A(n) = (pow(3,n)-pow(-1,n))/4

Magic!

I was just driving my car and thinking about the non-recursive solution...

Oh, also

A(n) = (pow(3,n)-pow(-1,n))/4

Magic!

Wow! Holy cow! That is awesome! Strange how my textbook does not have that formula! How did you come up with that formula? That's ingenious.

You start at `a' and then you have three choices at each step. Of the possible paths, only 1/4 of them will end at the right spot, so the formula is pow(3,n)/4. Well, powers of 3 are not usually divisible by 4, so you need to do some rounding. </mostly kidding>

Once you have the recursive formula, you can find the explicit formula by trying to find the numbers x such that pow(x,n) satisfies the recursive formula.
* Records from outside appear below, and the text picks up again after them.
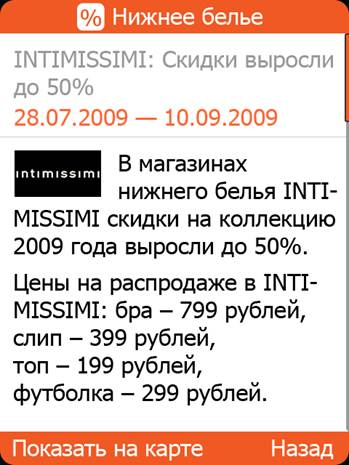 · Клиент, выбирая рекламное предложение на своем телефоне, имеет возможность прямо на экране с рекламным предложением получить самую важную информацию, которая необходима для принятия решения. Например, для предложения от кинотеатра - расписание сеансов;
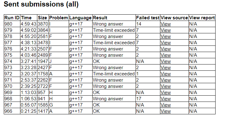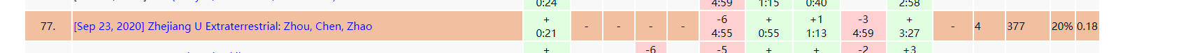 前期开题还挺顺利,进入中期后我(zgz)就掉到F的调试里面去了。此时队友应该是开了几个题但是没有开出来(病名为菜),进入后期时cyb和zyh好像是开出了I题,然后cyb去写,同时我给zyh一行行讲我的代码逻辑,但是这并没有什么卵用,还是查不出错。
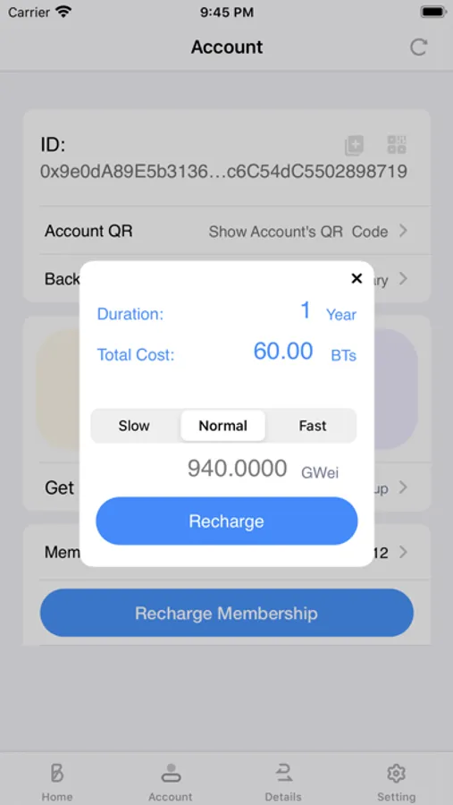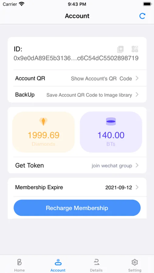 Thirdly, please apply the free BPTs and Diamonds of the trial version, the blockchain will send some BPTs and Diamonds to use. The BPTs are used by the membership of this App. Before you create an Account-Password pair on the blockchain, you must recharge your membership firstly. It costs 2 BPTs per month, It authorizes you to operate on a blockchain. But the operation on the blockchain is not free, then it requires diamonds to reward the miner of the blockchain. So the Diamonds are used to reward them, and their duty is to make sure the blockchain be safe and never lost data. It costs about 4 Diamonds per operation, but it is not a constant value, it depends on the difficulty of the mining process and the price of gas used to operate blockchain.
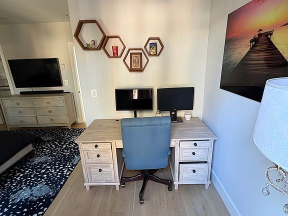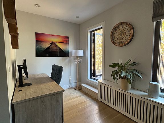 Small office spaceLots of natural lightBright and airyStainless steel appliancesModern cozy welcoming vibeCute balconyOpen kitchen
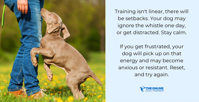 Training isn't linear, and there will be setbacks. Your dog may ignore the whistle one day, or they may be too distracted by a squirrel. Stay calm.

pow(x,n) = 3*pow(x,n-2) + 2*pow(x,n-1)

Dividing by pow(x,n-2), you get

x^2 = 3 + 2*x => x^2 - 2*x - 3 = 0

Solving the quadratic equation, you find out that 3 and -1 are the roots. Now all the sequences that satisfy the recursive formula form a vector space of dimension 2 (because the one that starts (1,0,...) and the one that starts (0,1,...) are a basis), and you just found two independent vectors. If you don't know what on Earth I am talking about, don't worry. It means that any sequence that satisfies the recursive formula can be expressed as a*pow(3,n) + b*pow(-1,n), for appropriate values of a and b. Since we know A(0)=0 and A(1)=1,

a*pow(3,0) + b*pow(-1,0) = 0 => a + b = 0
a*pow(3,1) + b*pow(-1,1) = 1 => 3*a - b = 1

Solving that system of linear equations, you get a=1/4, b=-1/4, and that gives us the explicit formula.

This may look like magic if you haven't seen it before, but it's just a procedure you learn.

It's called a recurrence relation http://en.wikipedia.org/wiki/Recurrence_relation

They are also called "difference equations". They are the discrete version of differential equations.